I'd ask your vet about possible canine enamel hypoplasia. Looks possible.


----------



## curlflooffan (Mar 27, 2020)

my mothers yorkie has teeth problems due to a lack of enamel. He also has very bad coat and nails. The vet says that the three are connected.


----------



## DoggieDuck (Aug 21, 2021)

The breeder has said that no other litter mates have the same issue. Neither, does his parents.... (apparently!?).

Sent from my motorola one 5G ace using Tapatalk


----------



## curlflooffan (Mar 27, 2020)

DoggieDuck said:


> The breeder has said that no other litter mates have the same issue. Neither, does his parents.... (apparently!?).
> 
> Sent from my motorola one 5G ace using Tapatalk


It was the same for my mothers yorkie. But they have been able to manage it by being super diligent about oral health.


----------



## DoggieDuck (Aug 21, 2021)

I'll bite the bullet and make an appointment with the vet.
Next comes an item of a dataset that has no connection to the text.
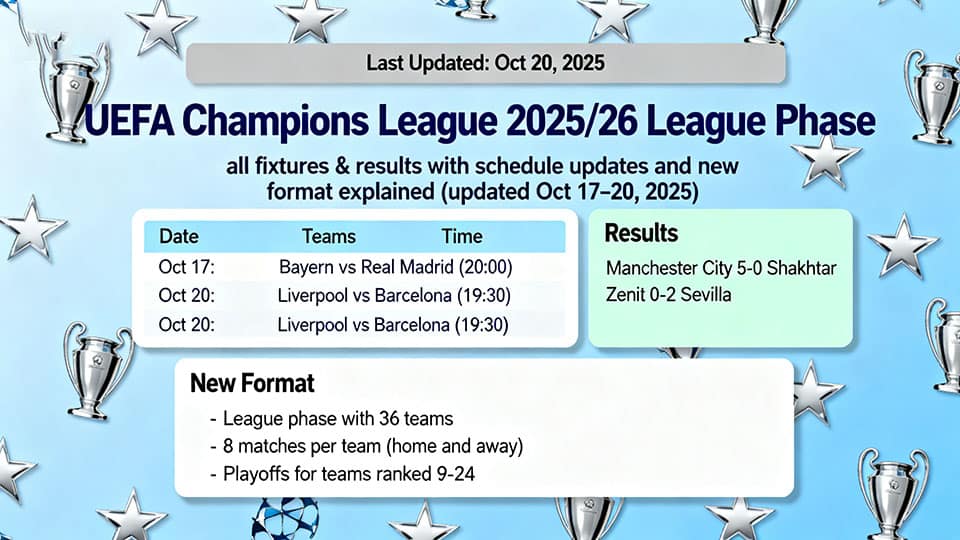 The highly anticipated UEFA Champions League 2025/26 season marks a historic shift with the full implementation of its restructured league phase, replacing the traditional group stage format. Under the new system, 36 clubs compete in a single-league table, each playing eight matches—four at home and four away—against carefully scheduled opponents determined by seeding positions. This expanded format aims to maximize competitive balance and commercial revenue, eliminating the randomness of group draws while ensuring marquee fixtures in every matchweek. The October 17–20, 2025 updates reflect critical adjustments to fixture scheduling following logistical negotiations between UEFA and participating domestic leagues, particularly accommodating clubs involved in concurrent international tournaments.

Keeping my fingers crossed that it is not canine enamel hypoplasia!


----------



## Pavie (May 4, 2021)

Gingivitis came to mind, but the with your dog, the stains seem to be on the middle of the teeth instead of near the gums, so I'm not sure. Pavie and his dog friend has signs of gingivitis and we went to a vet examination last month. Usually dogs should get their teeth checked during annual routine exams, and if there's too much plague / tartar build up, they will recommend doing a dental cleaning. Our vet said Pavie could wait another year, until he is 3 and then start the routine dental cleaning once every 1~2 years. It's to prevent gingivitis turning into advanced periodontal disease. 

Ideally, owners should also be doing some home care and prevention, like brushing teeth. There's also a list of approved products by the VOHC (Veterinary Oral Health Council) Veterinary Oral Health Council Accepted Products for Cats and Dogs that has been shown to be effective. I give Pavie greenies every day. I've also bought the Hill's prescription T/D diet (which I feed as treats), and they are basically large size kibbles designed to clean teeth (and are great for getting molars cleaned). 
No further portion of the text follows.